*Dataset content:*
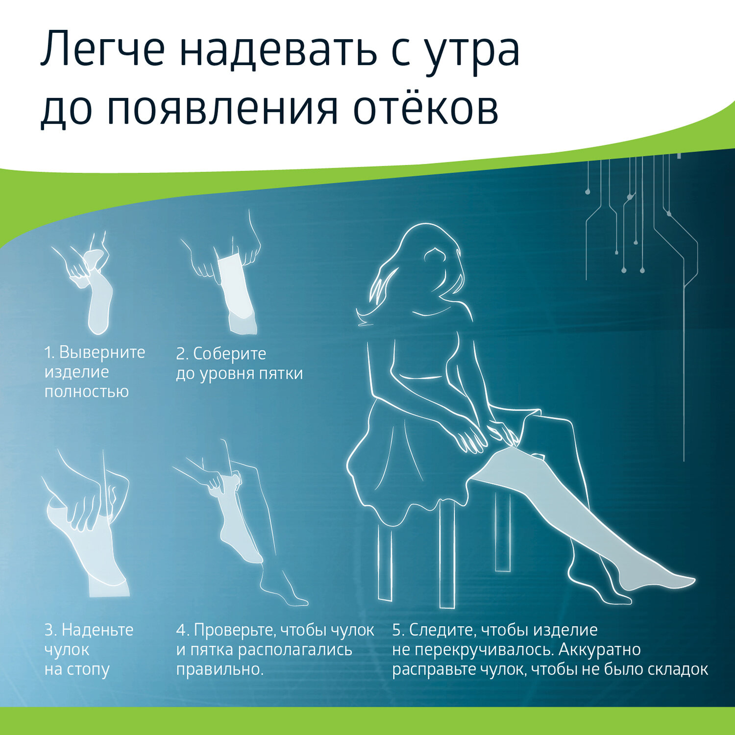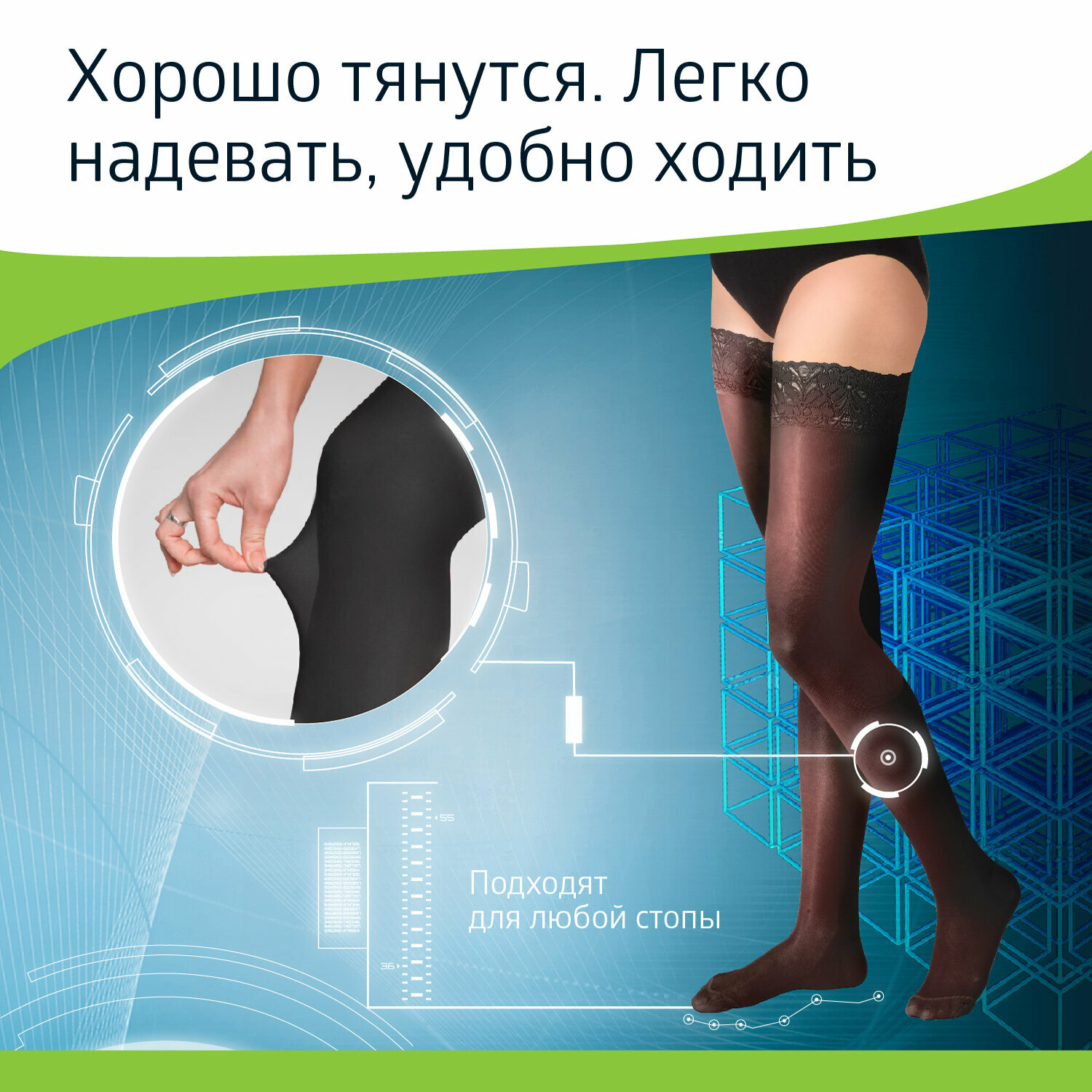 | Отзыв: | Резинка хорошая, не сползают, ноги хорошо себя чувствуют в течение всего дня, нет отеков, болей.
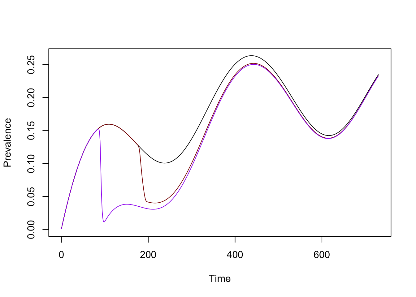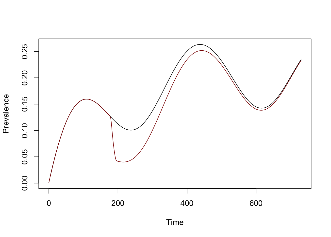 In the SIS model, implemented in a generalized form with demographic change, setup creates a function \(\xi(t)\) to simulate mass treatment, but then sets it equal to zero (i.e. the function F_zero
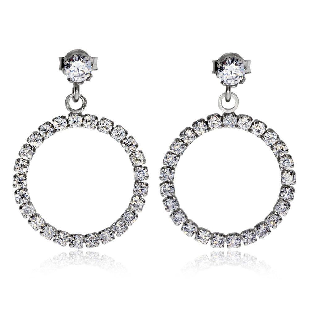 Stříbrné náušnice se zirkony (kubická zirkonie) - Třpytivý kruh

*Task description:*
Write out every line above exactly, minus images.

*Exercise answer:*
 | Отзыв: | Резинка хорошая, не сползают, ноги хорошо себя чувствуют в течение всего дня, нет отеков, болей.
 In the SIS model, implemented in a generalized form with demographic change, setup creates a function \(\xi(t)\) to simulate mass treatment, but then sets it equal to zero (i.e. the function F_zero
 Stříbrné náušnice se zirkony (kubická zirkonie) - Třpytivý kruh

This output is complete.